The Developer Portal home page is stored as a document. To update it (e.g., endpoint URLs, model names):

# Get the home page document
az rest --method GET --uri "https://management.azure.com/subscriptions/{sub}/resourceGroups/{rg}/providers/Microsoft.ApiManagement/service/{apim}/contentTypes/document/contentItems/e0987ca1-f458-b546-7697-7be594b35583?api-version=2022-08-01"

# Update and PUT back, then publish the portal revision
az rest --method POST --uri "https://management.azure.com/subscriptions/{sub}/resourceGroups/{rg}/providers/Microsoft.ApiManagement/service/{apim}/portalRevisions/master/publish?api-version=2022-08-01"

See scripts/update_homepage.py for an automated example.

2. Re-enter Secrets

Check SECRETS-REQUIRED.md for:

• Named value secrets (APIM)
• Backend credentials (APIM)
• Authorization server client secrets (APIM)
• Connection credentials (AI Foundry)

2. Configure Networking

• Set up VNet integration if required
• Create private endpoints
• Configure firewall rules/IP restrictions

3. Set Up Identity

• Configure managed identity permissions
• Set up Key Vault access policies
• Update RBAC assignments

4. Create Model Deployments

For Azure OpenAI accounts:

• Create model deployments in the target
• Note capacity/quota requirements

5. Test Everything

• Verify API endpoints respond correctly
• Test authentication flows
• Validate Developer Portal access
• Test AI service connections

Troubleshooting

Developer Portal Export Fails

Ensure:

1. Node.js 18+ is installed: node --version
2. Azure CLI is logged in: az account show
3. Git is available: git --version

APIM Provisioning Takes Long

Creating a new APIM instance takes 30-45 minutes.

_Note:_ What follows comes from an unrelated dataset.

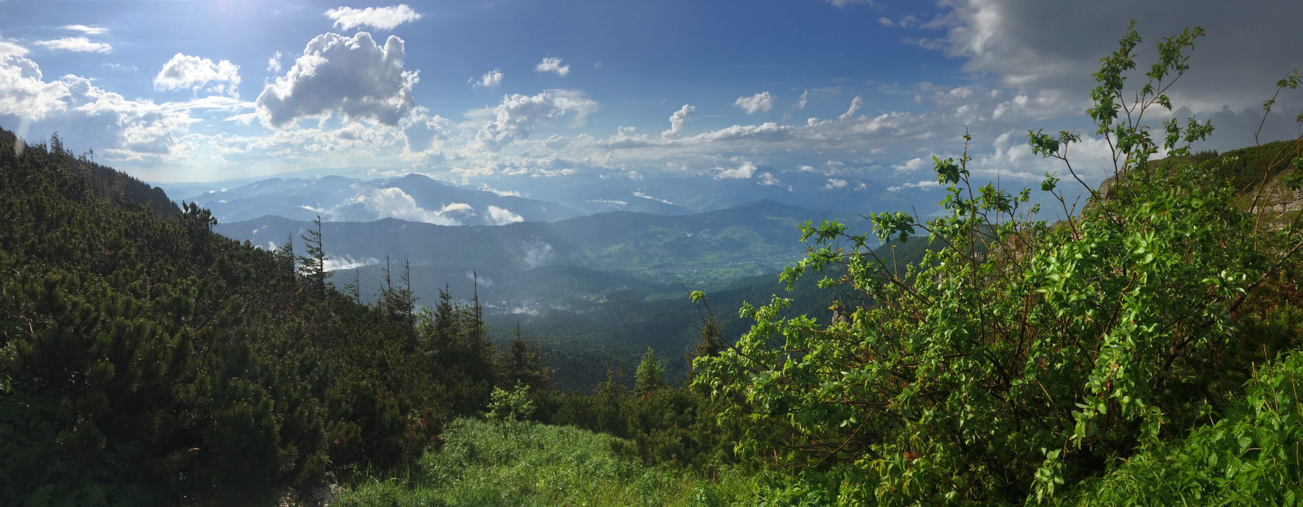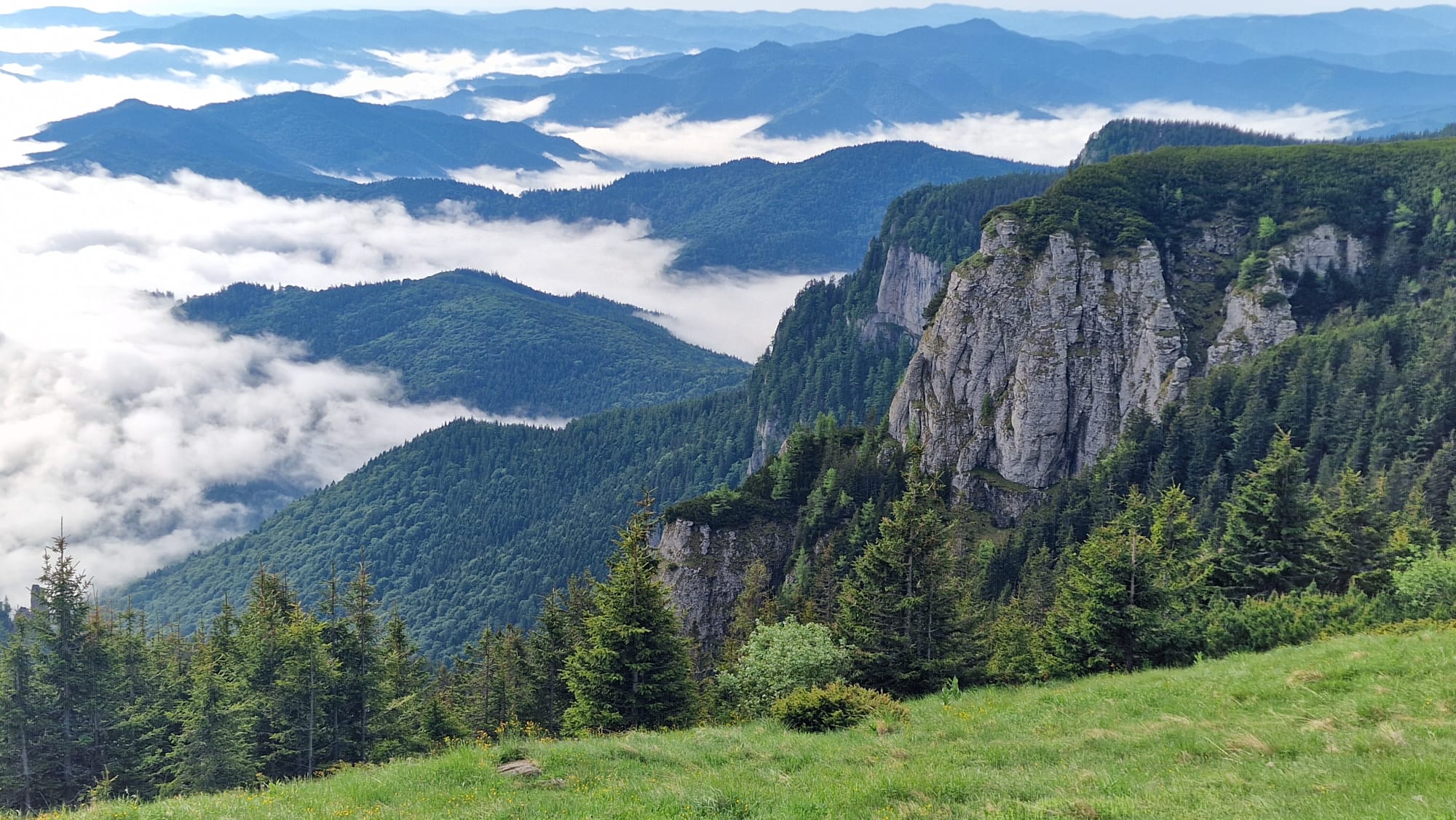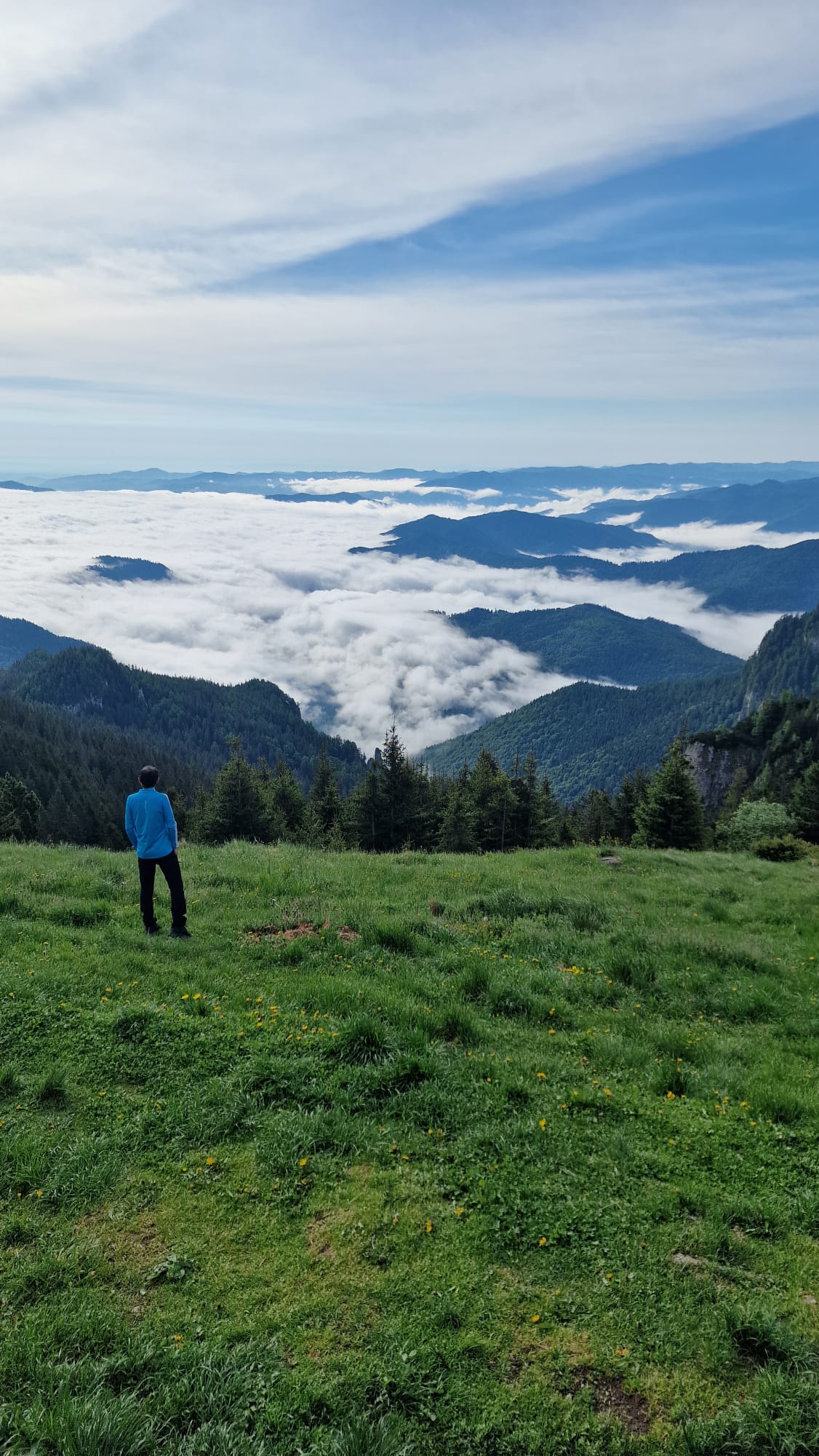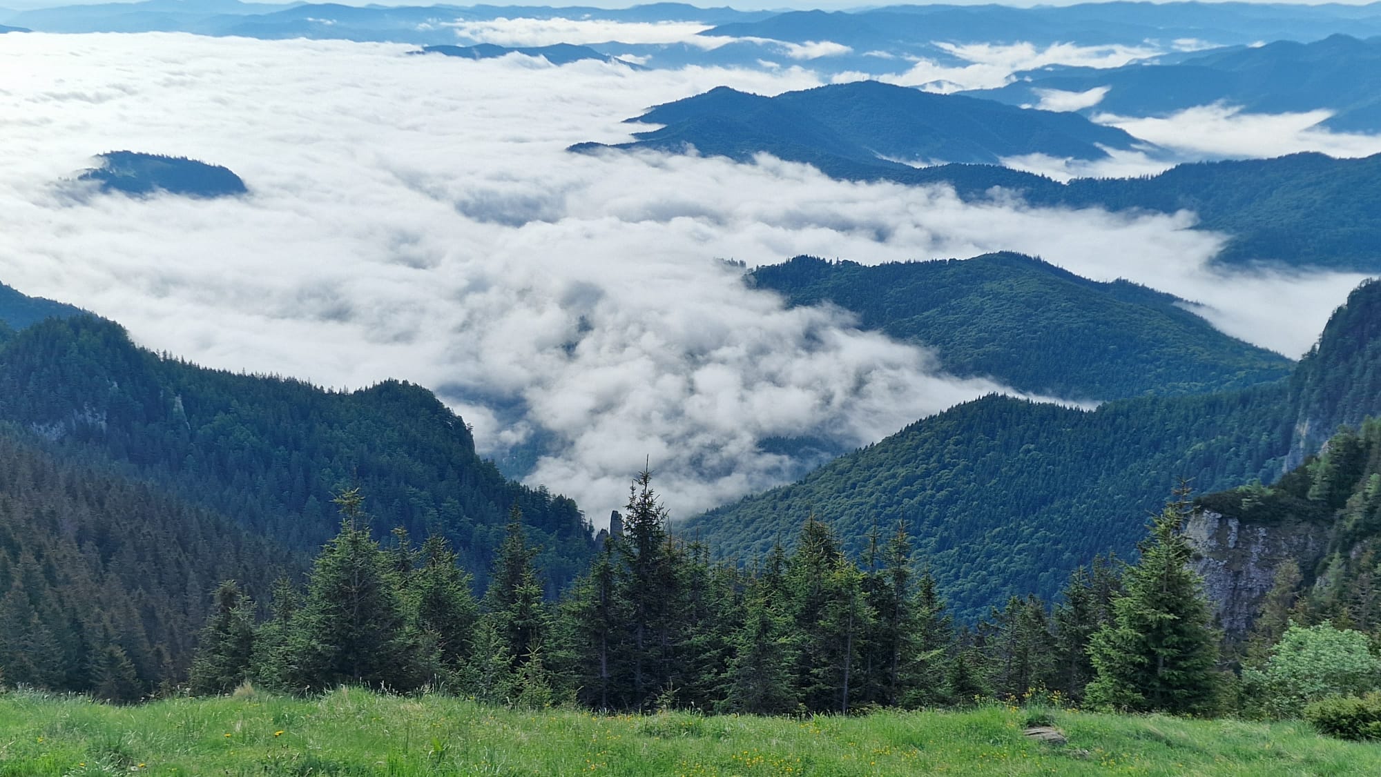 Ceahlăul este spectacol, dar nu te lăsa păcălit, urcușul e greu, iar muntele nu se lasă ușor cucerit. Jertfa noastră a fost depusă cam în zona La Morminte, puțin mai sus de crucea eroilor neamului, – care au apărat cu viața lor pământul strămoșesc, în Șaua Curmătura, în cel de-al doilea război mondial -, când deodată ne-au învăluit norii și s-a despicat cerul, slobozind tunete, fulgere și o ploaie torențială cu gheață. Pelerinele de ploaie nu mai făceau față, eram deja la o altitudine considerabilă, unde cu greu mai găsești adăpost, semnele de atenționare în privința viperelor ne dădeau fiori, iar ploaia se scurgea șiroaie pe versant. După aproape o oră ploaia s-a oprit, norii s-au disipat, iar în lumina caldă a soarelui s-au arătat pe rând Panaghia, Vârful Toaca, Scăldătoarea Vulturilor și Piatra Ciobanului. Eram deasupra norilor și în jur erau tufe de afine, clopoței de munte și muguri de brad.

The script will wait for completion.

Connection Credentials Missing

Connections are exported without credentials for security. After deployment, manually update each connection with the correct credentials.

Prompt Flows Not Appearing

Prompt flows are only supported in hub-based projects. If migrating to new Foundry projects, prompt flows cannot be deployed - you'll need to recreate them manually or continue using hub-based projects.

Permission Errors

Ensure your Azure account has:

• Reader access on source resources
• Contributor access on target resource group

Exit Codes

Code	Meaning
0	Success
1	Partial success with errors
2	Fatal error

Logging

All operations are logged to migration.log in the current directory.

Security Notes

• Secrets are never exported - they're marked as MASKED - NEEDS_RE-ENTRY
• Always review SECRETS-REQUIRED.md and MANUAL-STEPS.md after migration
• Consider rotating secrets during migration
• Use Key Vault references where possible

License

MIT License

Contributing

Contributions welcome! Please submit issues and pull requests.